### YOUR GOAL
Could you repeat the entries below exactly, but only from the line with "危wēi(危险、危楼、危难)" through the line with "为深入贯彻落实习近平总书记关", and without any picture?

### LISTED RECORDS
_ _ _
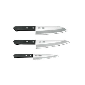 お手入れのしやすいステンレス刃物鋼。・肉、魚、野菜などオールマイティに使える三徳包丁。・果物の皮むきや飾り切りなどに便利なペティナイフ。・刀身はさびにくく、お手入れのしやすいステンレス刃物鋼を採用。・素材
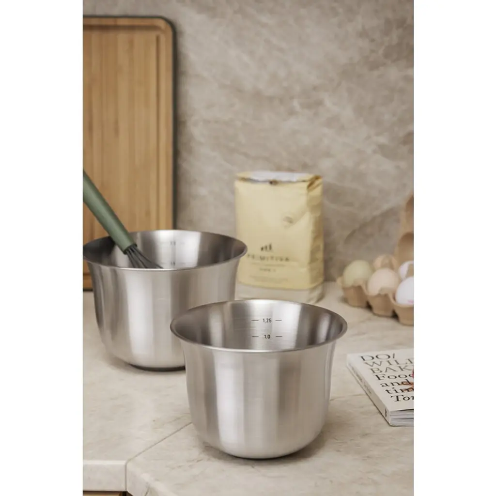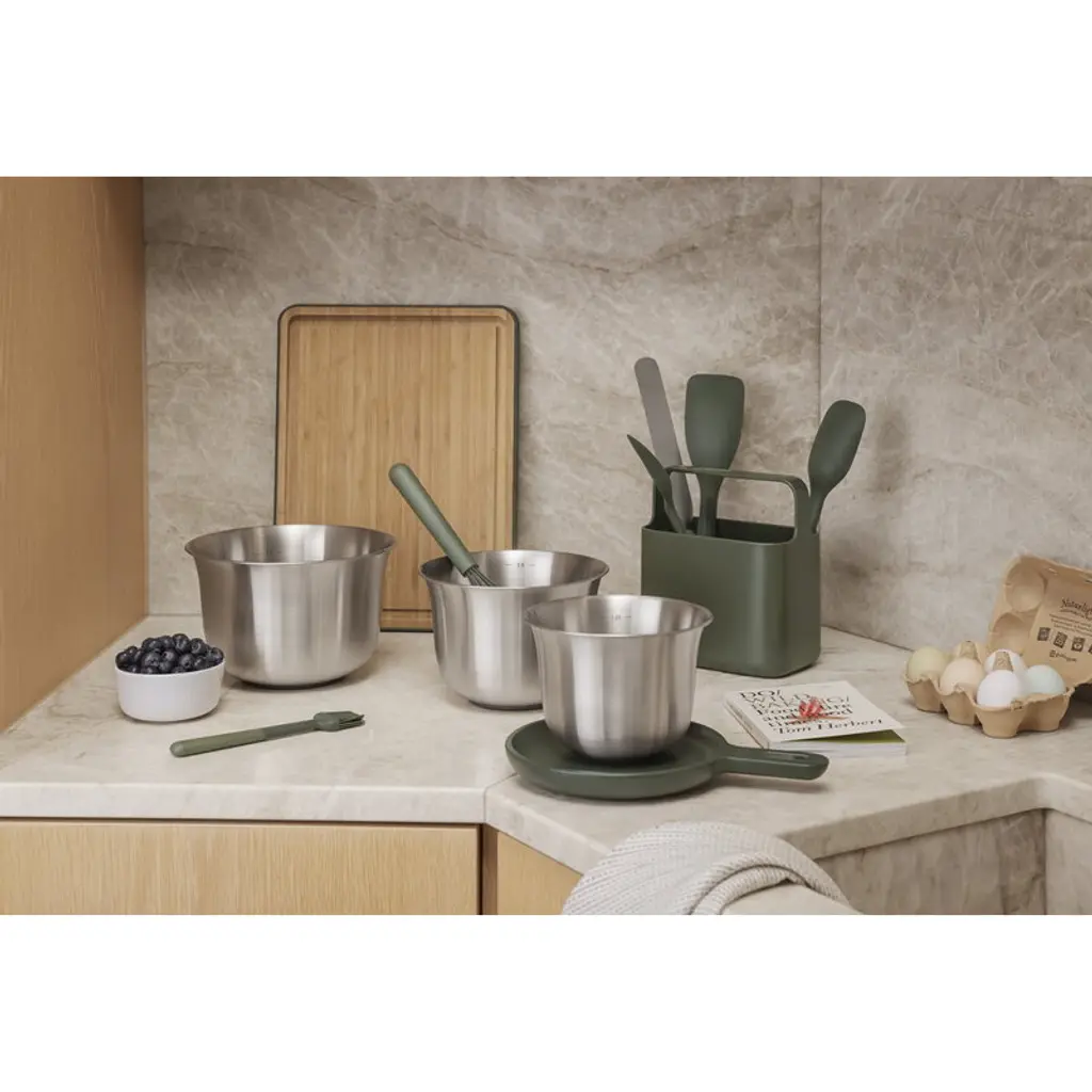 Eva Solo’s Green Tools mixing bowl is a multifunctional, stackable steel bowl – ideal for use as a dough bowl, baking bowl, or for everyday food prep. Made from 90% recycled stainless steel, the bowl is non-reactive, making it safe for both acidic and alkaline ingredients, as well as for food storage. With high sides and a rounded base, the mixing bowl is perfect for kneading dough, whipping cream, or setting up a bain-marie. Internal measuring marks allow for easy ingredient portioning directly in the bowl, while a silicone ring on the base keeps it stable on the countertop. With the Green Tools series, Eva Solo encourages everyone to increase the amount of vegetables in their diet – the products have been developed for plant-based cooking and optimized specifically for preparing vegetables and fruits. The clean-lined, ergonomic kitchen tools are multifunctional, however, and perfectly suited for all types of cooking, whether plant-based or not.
_ _ _
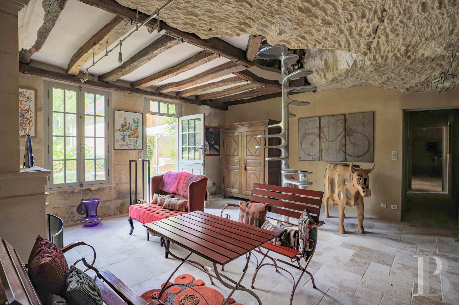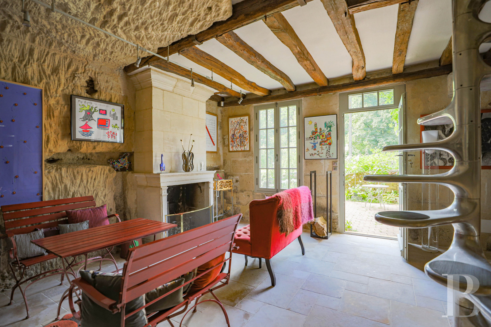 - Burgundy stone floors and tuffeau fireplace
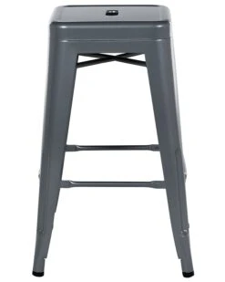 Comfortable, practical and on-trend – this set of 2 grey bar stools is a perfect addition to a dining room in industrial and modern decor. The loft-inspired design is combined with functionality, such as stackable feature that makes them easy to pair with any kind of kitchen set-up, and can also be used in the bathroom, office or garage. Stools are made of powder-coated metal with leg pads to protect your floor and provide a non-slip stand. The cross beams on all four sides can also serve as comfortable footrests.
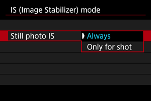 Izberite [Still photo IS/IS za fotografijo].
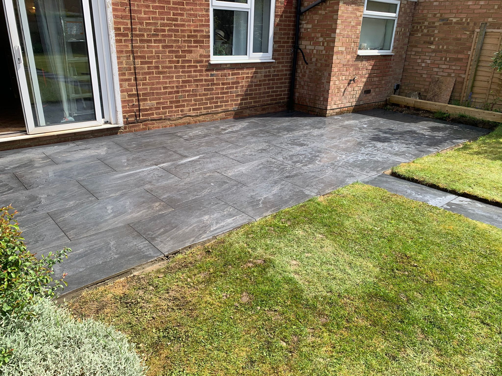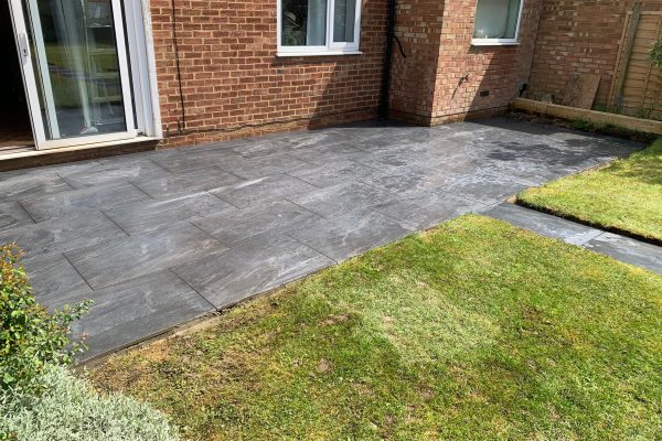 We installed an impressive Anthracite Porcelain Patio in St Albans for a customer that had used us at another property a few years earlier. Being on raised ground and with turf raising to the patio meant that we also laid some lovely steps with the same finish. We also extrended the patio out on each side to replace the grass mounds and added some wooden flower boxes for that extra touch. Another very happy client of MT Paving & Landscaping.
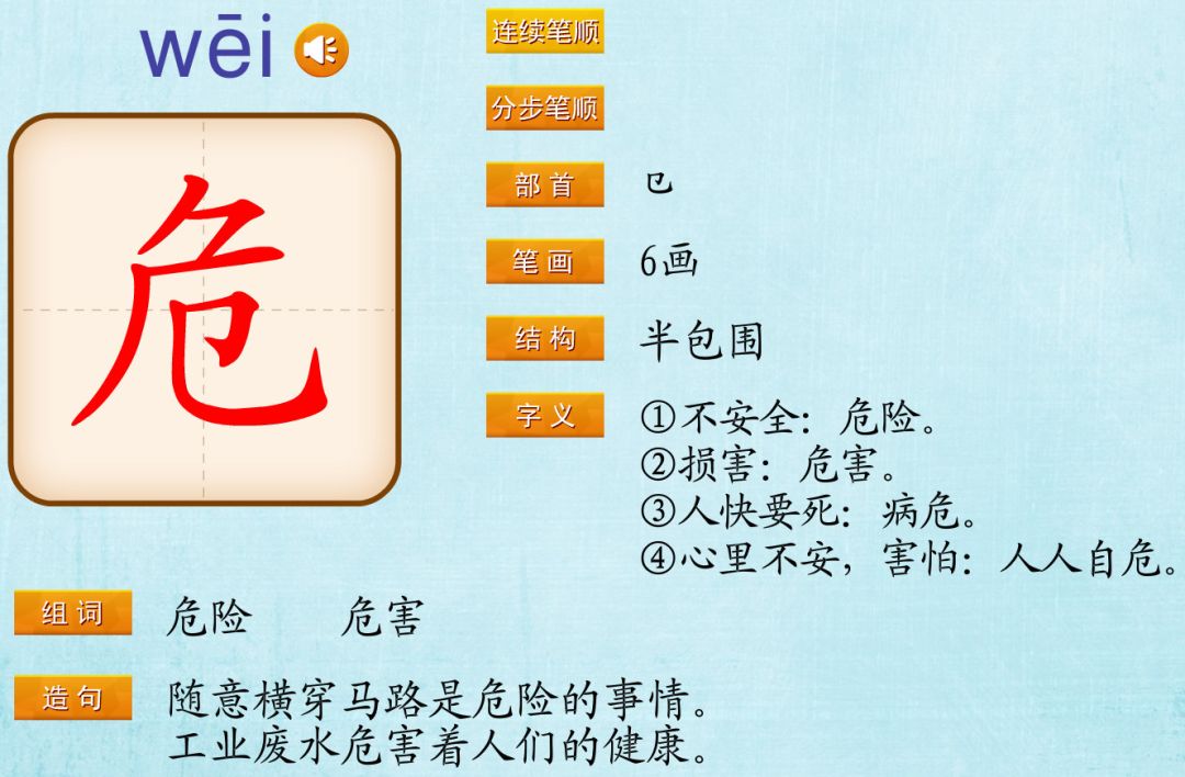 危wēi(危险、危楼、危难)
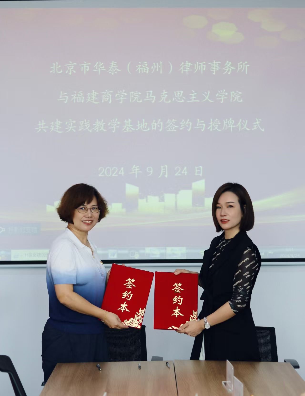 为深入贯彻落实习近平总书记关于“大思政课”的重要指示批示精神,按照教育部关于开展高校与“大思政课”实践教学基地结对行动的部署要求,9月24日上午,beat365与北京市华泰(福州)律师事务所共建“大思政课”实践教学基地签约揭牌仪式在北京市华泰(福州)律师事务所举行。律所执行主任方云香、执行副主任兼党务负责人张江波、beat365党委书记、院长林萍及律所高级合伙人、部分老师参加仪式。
_ _ _
### SOLUTION FOR THIS EXERCISE
 危wēi(危险、危楼、危难)
 为深入贯彻落实习近平总书记关于“大思政课”的重要指示批示精神,按照教育部关于开展高校与“大思政课”实践教学基地结对行动的部署要求,9月24日上午,beat365与北京市华泰(福州)律师事务所共建“大思政课”实践教学基地签约揭牌仪式在北京市华泰(福州)律师事务所举行。律所执行主任方云香、执行副主任兼党务负责人张江波、beat365党委书记、院长林萍及律所高级合伙人、部分老师参加仪式。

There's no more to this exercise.